Lassalle, 58, set out in April and walked an almost uninterrupted route clockwise around France, flying only from Marseille in the south to northern Corsica, and again from Bordeaux in the southwest to Nantes in the northwest.
He said he “needed to get a feeling” for the country, and wrote on his personal blog that he was impressed by peoples’ willingness to speak frankly with him.
“Once they knew what I was doing, I felt a strong sense that they were expressing themselves as a civic duty, choosing their words carefully,” he wrote. “There was a solemnity and a dignity about it, despite everything they had to say.”
Confusion and racism
And what he found was a France confused about its position in a shrinking world, an uncertainty as to the long-term effects of globalisation and a distrust for politicians who, people told him, “do not listen to us at all”.

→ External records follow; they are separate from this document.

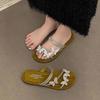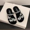 2024 Verão Novo Strass Fundo Macio Desgaste Externo Arco Sandálias Planas Estilo Fada Vestido Chinelos de Praia
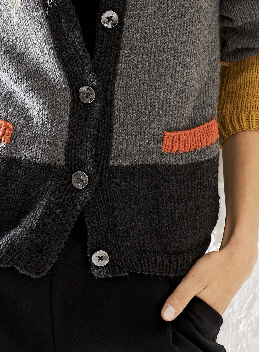 Lana Grossa-Qualität „Cool Wool Big" 100 % Schurwolle (Merino extrafine, filzfrei), LL = ca. 120 m/50 g): ca. 400 (450 – 500) g Dunkelgrau meliert (Fb. 617), ca. 100 (100 – 150) g Anthrazit (Fb. 618) und je ca. 50 g Orange (Fb. 922) und Senfgelb (Fb. 903); Stricknadeln Nr. 3,5 und 4, 1 Rundstricknadel Nr. 3,5, 60 cm lang; 5 Knöpfe von Union Knopf, Art. 450635, 20 mm Ø, Fb. 835 altsilber.
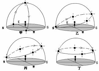 答案:D点拨:甲地处于极昼状态,且一天中太阳高度不变,只有极点有这种情况,又根据甲太阳视运动轨迹偏向南方,为北半球,故甲地为北极点。
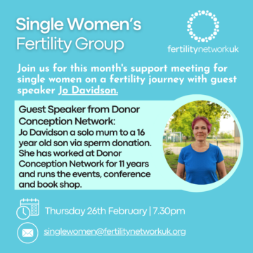 For more information and log in details please email singlewomen@fertilitynetworkuk.org
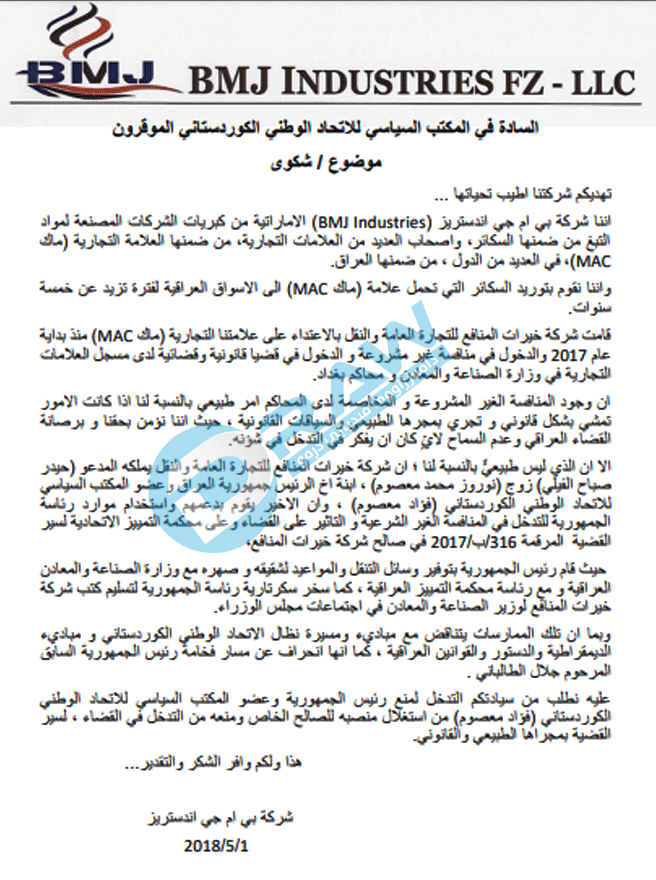 ئەو كۆمپانیا ئیماراتییە لە نامەیەكی رەسمیدا سكاڵای خۆی لەو پرسەدا گەیاندووەتە مەكتەبی سیاسیی یەكێتی نیشتمانی كوردستان و داوادەكات كاربكەن بۆئەوەی دەستوەردانی فوئاد مەعسوم لە بەرژەوەندی كۆمپانیای برازاكەی رابگرن لە دادگاكانی عێراقدا.
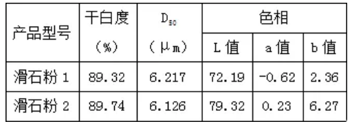 白度(whiteness)是表示物質(zhì)表面白色的程度,以白色含有量的百分率表示。非金屬礦物粉體的白度有干白度和濕白度之分,干白度是反映非金屬礦物粉體表觀的白色程度;濕白度是反映非金屬礦物粉體在油性介質(zhì)中,還原粉體原礦色相后的白色程度。故在實(shí)際應(yīng)用過程中,我們會(huì)發(fā)現(xiàn),兩支粉體的干白度檢測(cè)結(jié)果接近,但生產(chǎn)出來的成品顏色卻完全不同。為此,我司進(jìn)行了如下實(shí)驗(yàn):選擇兩支干白度比較接近的滑石粉,按同一配方比例填充于PET(聚對(duì)苯二甲酸乙二醇酯),粉體檢測(cè)結(jié)果詳見下表。
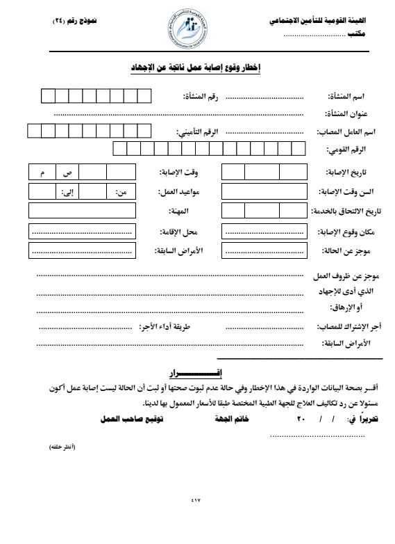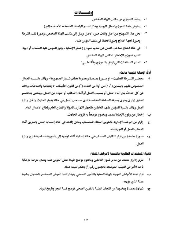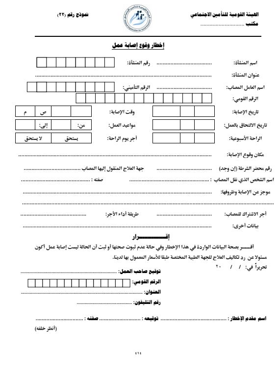 عند وقوع حادث أثناء ممارسة الموظف مهامه أو خلال الرحلة اليومية بين المنزل ومقر العمل، يجب المبادرة إلى تسجيل الواقعة وفق النماذج الرسمية المعتمدة مثل نموذج 22 أو نموذج 24، وذلك حسب طبيعة الإصابة.
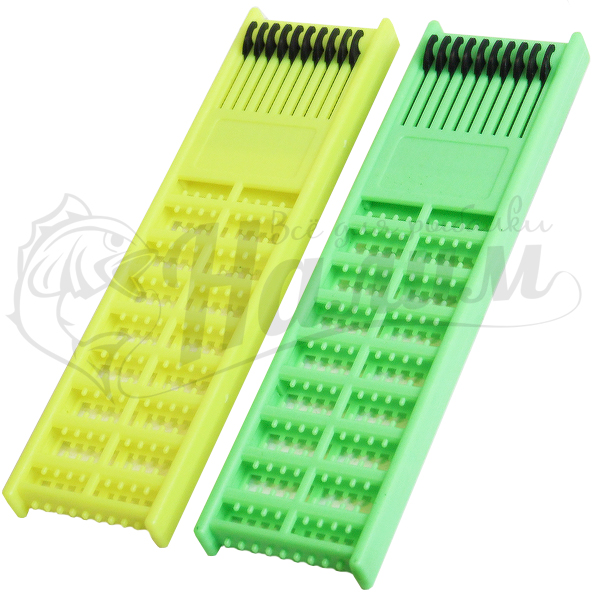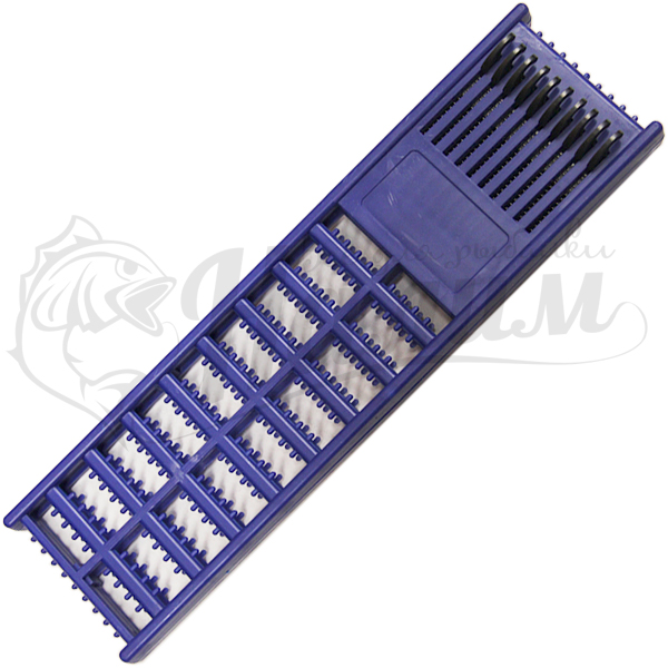 Удобная поводочница, изготовленная из пластика. Очень простая в использовании: петля поводка цепляется за крючок, потом этот крючок крепится к специальным зацепам. Всего можно хранить таким образом до 20 поводков (если вешать их по одному) длиной до 32 см.
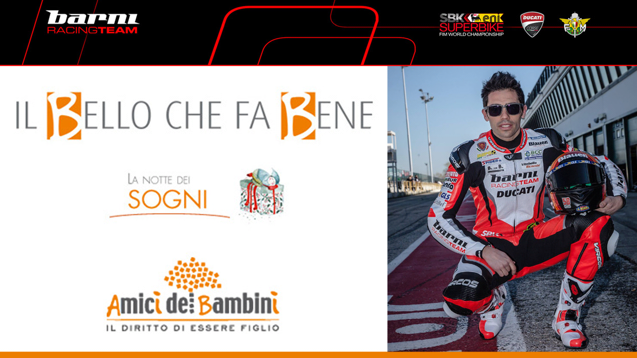 l Barni Racing Team ha avuto l’onore di partecipare a “Il Bello che fa Bene 2015”, l’annuale e prestigioso evento di beneficienza che celebra il matrimonio tra eccellenza e solidarietà. Il Team ha messo a disposizione per l’asta il casco di Michele Pirro autografato dal neo campione CIV 2015 e tester MotoGP Ducati. Per la squadra è stato motivo di orgoglio prendere parte ad una manifestazione benefica, spostando quindi momentaneamente la propria attenzione dal mondo delle moto per rivolgersi ad una realtà che merita un forte interesse. La serata è stata organizzata dall’Associazione Amici dei Bambini (Ai.Bi.), organizzazione non governativa costituita da un movimento di famiglie adottive e affidatarie, presso il Palazzo delle Stelline di Milano, ed ha visto la presenza delle più influenti aziende del mondo del design, della moda, della tecnologia e del food&beverage. L’esposizione di oggetti di lusso e di design durante il cocktail d’apertura ha permesso ai partecipanti di dare il proprio contributo sostenendo i progetti di Amici dei Bambini. A seguire la cena di Gala, offerta da aziende che hanno collaborato, durante la quale sono stati battuti all’asta alcuni oggetti unici donati dai prestigiosi partner. All’evento erano presenti alcuni volti noti dello spettacolo come Melissa Satta, Savino Zaba e Tata Francesca (SOS Tata), testimonial d’eccezione che hanno già da tempo abbracciato e sostenuto la mission di Ai.Bi. Inoltre, c’è stato spazio per le risate grazie alla presenza di Antonio Ornano, brillante comico di Zelig.
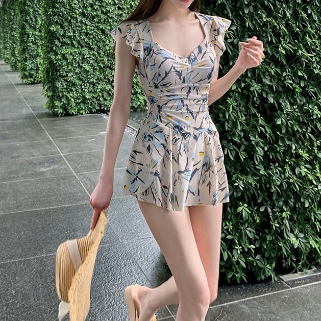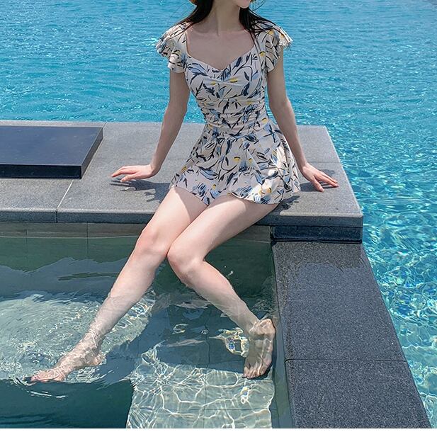 フレアスカートが可愛いビキニパンツ付きワンピース水着です。
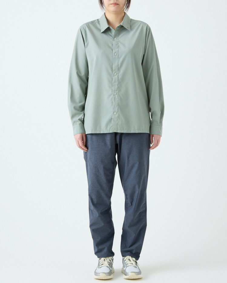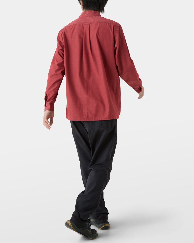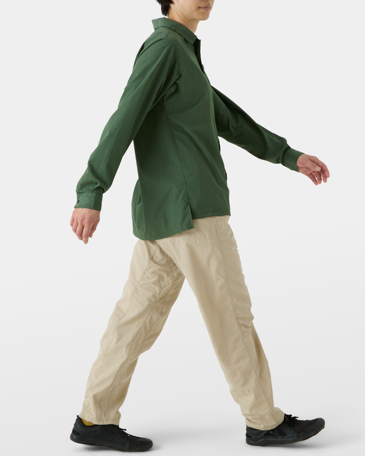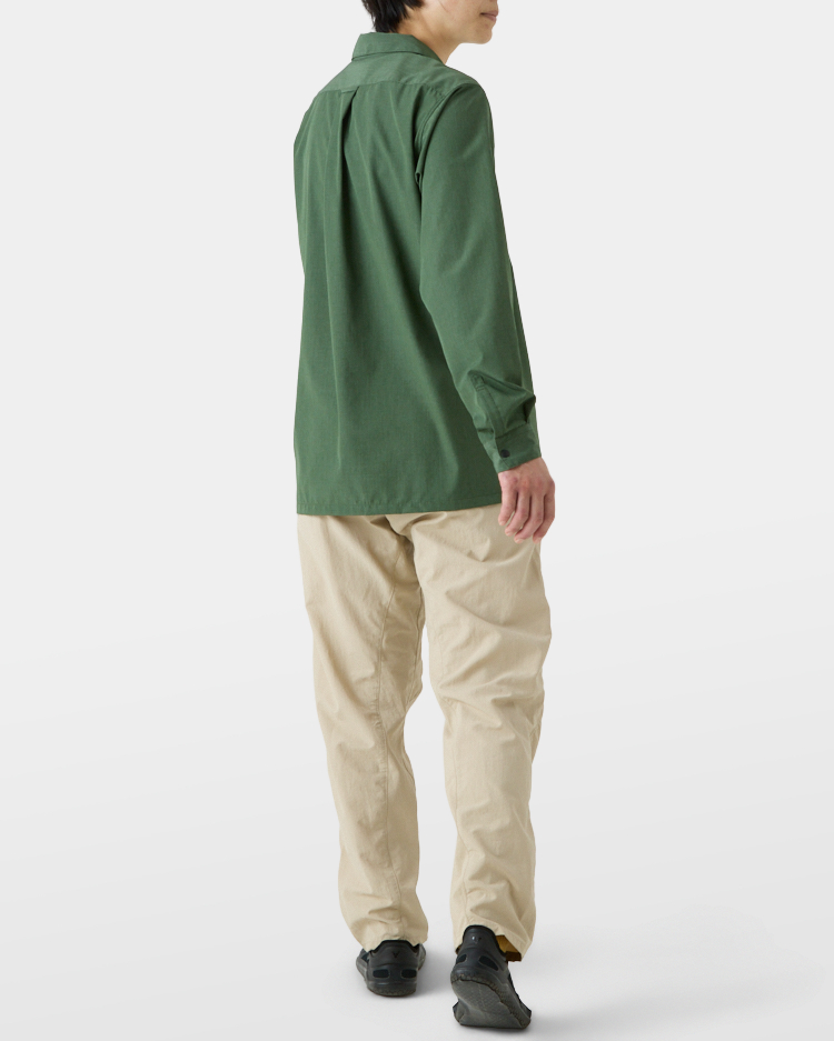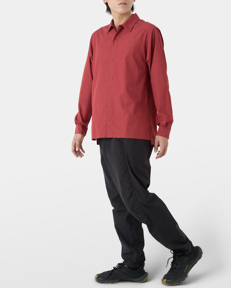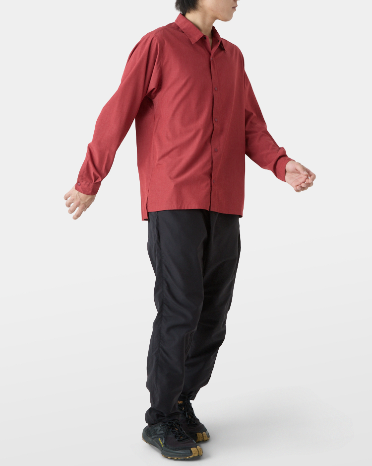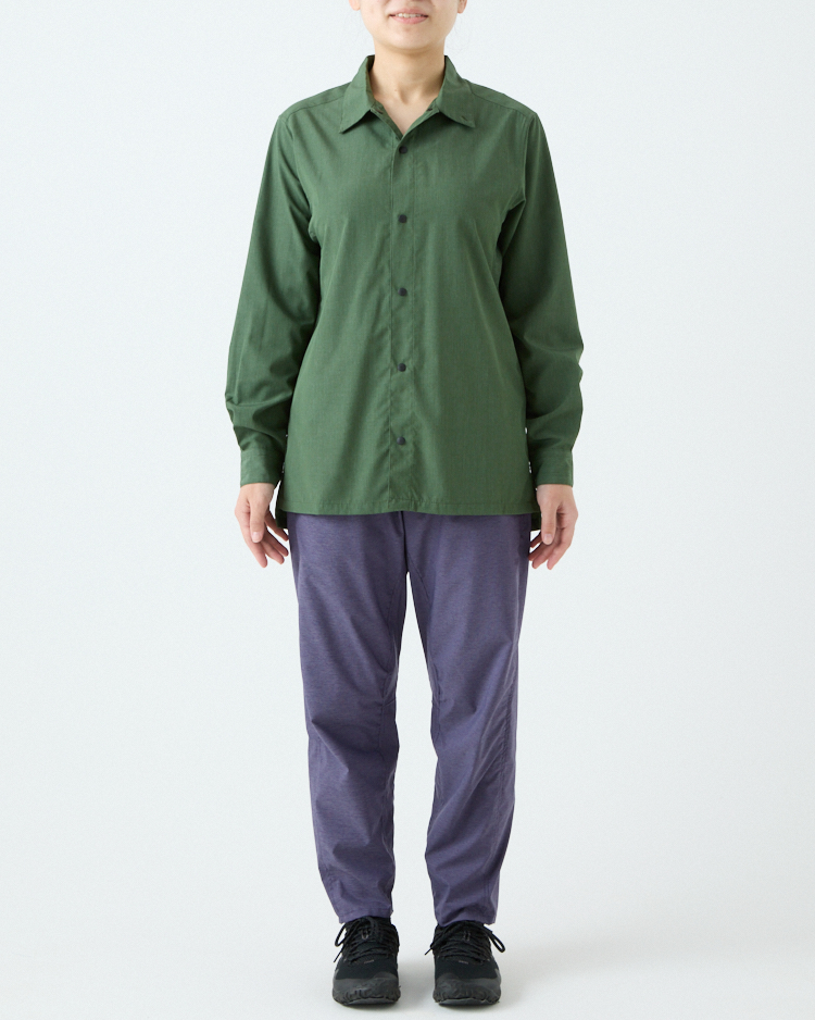 ワイドフィットと首元に熱のこもりにくいオープンカラーで暑い時もヒートアップしすぎず、スナップボタンで前を一気にあけたり、素早く袖をまくりあげたり、寒いときは襟を立ててボタンでとめられたり、防風性と体感温度を自在にコントロールできる。
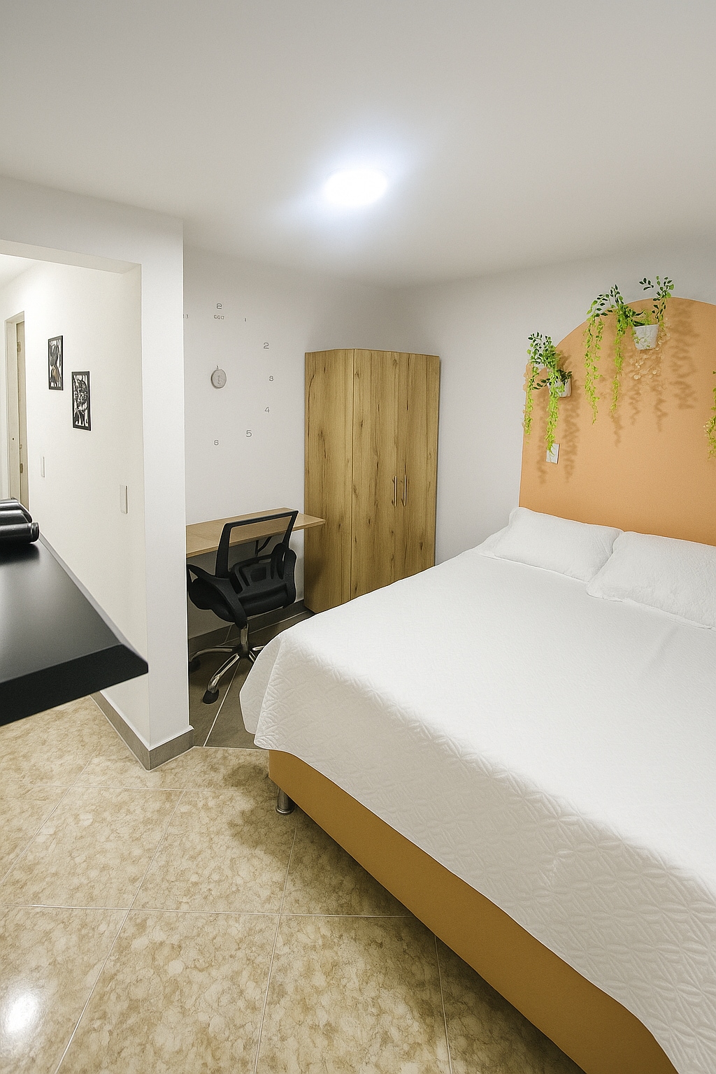 Im Herzen von Manrique, in der Nähe der U-Bahn-Station Plus. Diese Wohnung ermöglicht es dir, die Stadt wie ein Einheimischer, ihre kleinen Geschäfte, die Freude der Menschen und die Energie eines Viertels mit einem immer wach gewordenen Geist zu genießen. Es verfügt über einen Balkon mit Blick auf die Schönheit der Berge und der Sonnenuntergänge, natürliches Licht tagsüber und die Wärme unseres tropischen Klimas, einen großen Kleiderschrank, TV, eine voll ausgestattete Küche, einen Waschbereich, ein modernes Badezimmer mit heißem Wasser, ein zum Schlafen geeignetes Sofa.
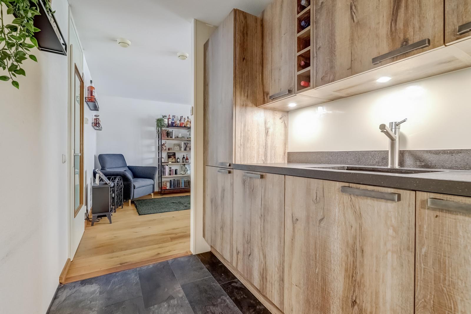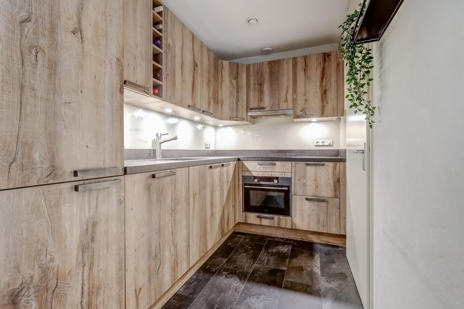 De stijlvolle halfopen keuken is uitgevoerd in een fraaie houtstructuur met een zwart aanrechtblad. Hier beschikt u over diverse inbouwapparatuur, waaronder een koelkast, vriezer, combimagnetron, afwasmachine, 4-pits inductiekookplaat en een circulatie-afzuigkap. Vanuit de keuken bereikt u tevens een praktische stook-/wasruimte, ideaal als extra bergruimte en voor uw wasmachine en droger.
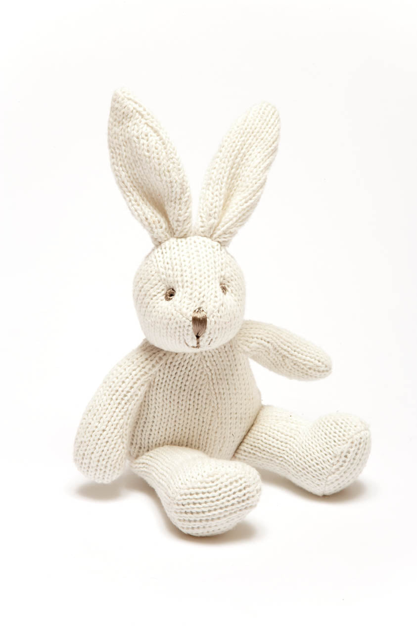 Cute knitted white cotton bunny soft toy with a sweet smile and a twinkle in his eye. Bunnies are always popular baby toys and this little bunny rattle is suitable from birth and makes the perfect new baby gift or baby shower gift.
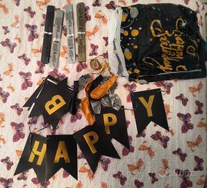 ✨ Kit di arredamento per feste di compleanno. 🎉 Colori moderni e accattivanti, ideale per decorare qualsiasi stanza per feste di compleanno di tutte le età. 🖌️Il Kit include: Festone con scritta "HAPPY BIRTHDAY" facilmente smontabile; 4 POM POM ("nidi d'ape di carta") decorativi in oro, argento e nero; Telo decorativo di compleanno; Set di palloncini neri, argento e arancioni con nastro dorato per legarli. 💎 Prodotto mai usato, venduto con scatola in perfette condizioni. 💸Prezzo trattabile, consegna a mano su Udine nord o spedizione con Posteitaliane.
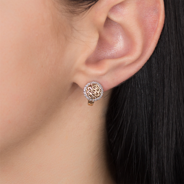 Изделие выполнено из чистого золота 585 пробы, внешняя сторона имеет круглую форму и украшена вставкой с мерцающими циркониями. Мимо девушки в таких сережках просто нельзя будет пройти, не обернувшись ей в след.
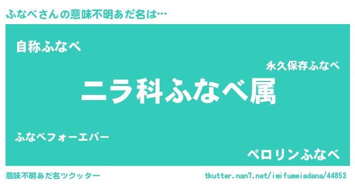 | 男性向けラノベタイトル風あだ名 | 『ふなべ~年齢イコール彼女いない歴の魔法使い~』 |
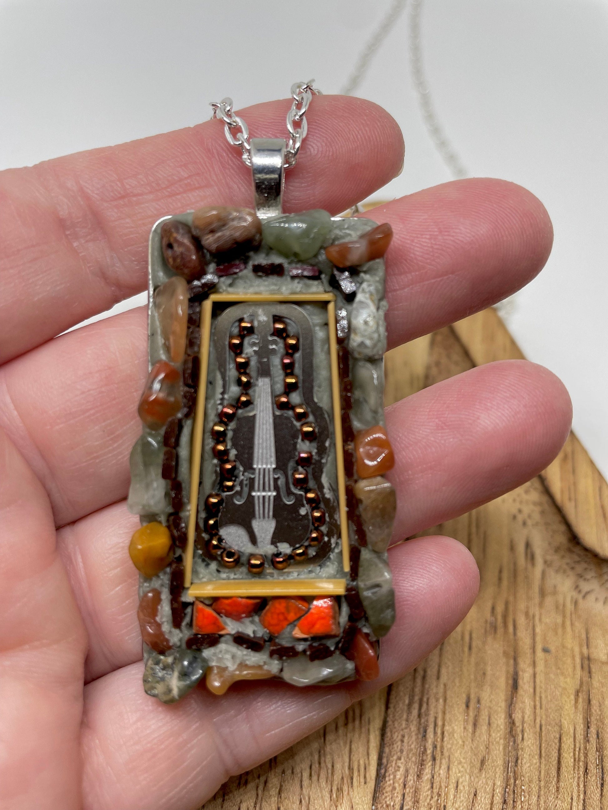 My favorite guitar - one-of-a-kind micro mosaic necklace with mixed material including stone, metal, hand cut tile and strips of glass

“We live in a world that is changing out of all recognition,” he told Europe 1. “We [the government] have failed to find ways of explaining to the citizens of this country exactly what this change means.”
Worryingly, he also encountered “latent racism” almost everywhere, “even in the smallest villages”.
“This is racism that seems totally unashamed,” he told Le Monde on Friday. “It is a wholescale rejection of ‘the other’ and often expressed with excessive aggression.”
Lassalle told Le Monde that he was particularly worried about a return of “anti-Semitic rhetoric” that was particularly “linked to wealth”.
On Saturday, Lassalle will walk his final steps, from Place de la Concorde over the River Seine to the National Assembly building in central Paris.
Hundreds of people he met on his walk are expected to accompany him, and to enter the assembly to start a two-day debate on France’s future.
“I will then prepare a parliamentary report on what I learned on my walk, which I will submit to the president at the end of February,” he wrote in his blog. “Meeting people around the country was a deliberate act as an elected member of France’s parliament, as a resistant [to changes that have eclipsed the lives of ordinary people], and a bid to raise awareness of the issues faced by our citizens.
“Things cannot stay the way they are now.”